▸ **Problem description**: Go to the line holding "Sighting Incident Report" in the data below. Return it and each line after it through the last, exactly, and skip the pictures.

▸ **Exercise inputs**:
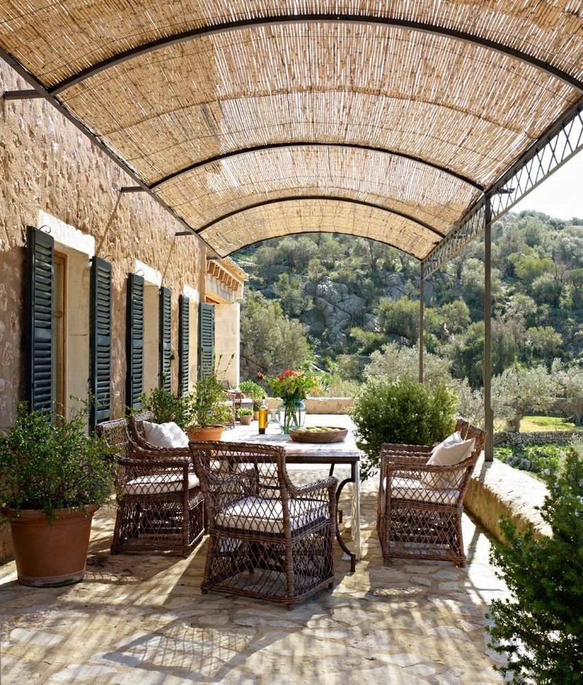 Having decided on the device of a canopy in the courtyard of the house, try to adhere to the correspondence of the dimensions and style of the structure to the main structure. Original awnings of various shapes should not stand out too much against the background of the facade, but only emphasize its design.
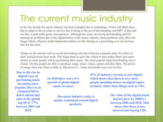 The document discusses how the music industry has changed in recent decades due to digitalization and the rise of downloading/file sharing. It notes that major labels have struggled to adapt while independent labels have seen opportunities. Live music remains important for promotion and revenue. Digital sales now account for 29% of industry revenue, with streaming and downloads replacing physical formats. Issues around piracy and its impact on sales continue to challenge the industry's business model. The future will rely on new approaches and artists having more control over their careers.
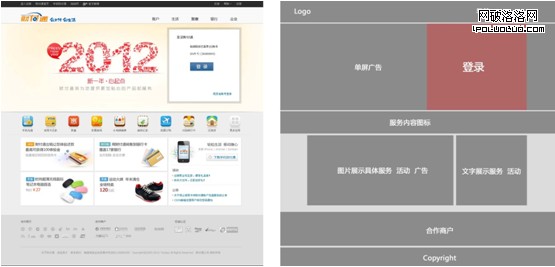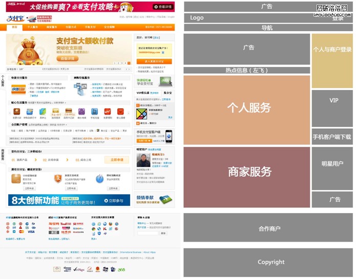 1、塊面多:頁面小塊面太多,容易讓用戶眼花缭亂。用戶群有個人服務和商家服務,雖然在頁面上有大塊的區分兩者,但是對用戶來說,還是有些混亂(請看下圖);
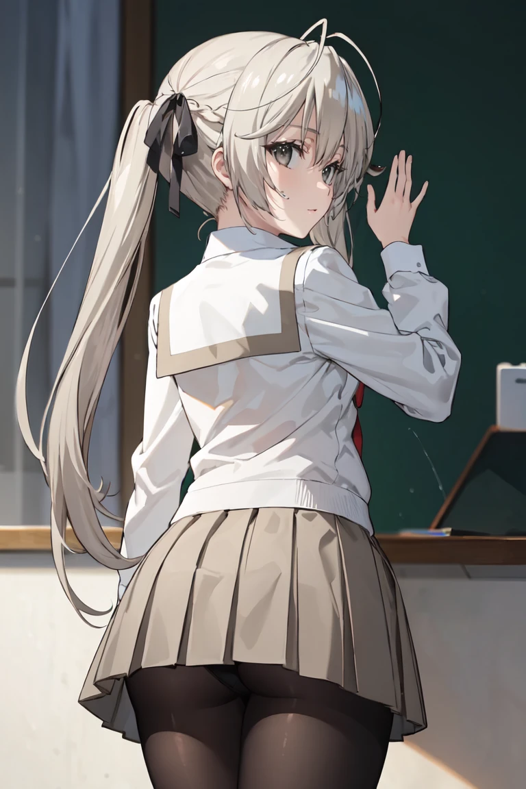 twintails, school uniform, white shirt, grey skirt, black pantyhose
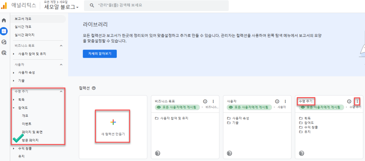 구글 애널리틱스에 들어가 '보고서'를 눌러보면 여러 데이터를 확인할 수 있어요. 좌측 하단의 '라이브러리'를 클릭해 보세요.
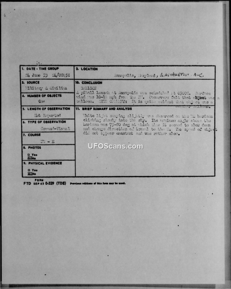 Sighting Incident Report — Annapolis, Maryland, 24 June 1953
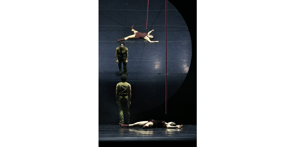 Femizid, das ist das Thema, und Mannes erzählt es mit seinem Ensemble schnörkellos und bildgewaltig. Schon zum Start ist alles klar: Am Boden liegt Carmen (Chiara Amato), auf der Bühne steht alleine der Mörder Don José (Marco Marangio), ein riesiger runder Spiegel ruht im Hintergrund, und ein einzelnes, rotes Seil ragt aus dem Schnürboden herab. Rot und schwarz sind die dominierenden Farben des Abend, und von einer wie auch immer gearteten Flamenco-Leichtigkeit wird hier nichts zu sehen sein.

▸ **Exercise result**:
 Sighting Incident Report — Annapolis, Maryland, 24 June 1953
 Femizid, das ist das Thema, und Mannes erzählt es mit seinem Ensemble schnörkellos und bildgewaltig. Schon zum Start ist alles klar: Am Boden liegt Carmen (Chiara Amato), auf der Bühne steht alleine der Mörder Don José (Marco Marangio), ein riesiger runder Spiegel ruht im Hintergrund, und ein einzelnes, rotes Seil ragt aus dem Schnürboden herab. Rot und schwarz sind die dominierenden Farben des Abend, und von einer wie auch immer gearteten Flamenco-Leichtigkeit wird hier nichts zu sehen sein.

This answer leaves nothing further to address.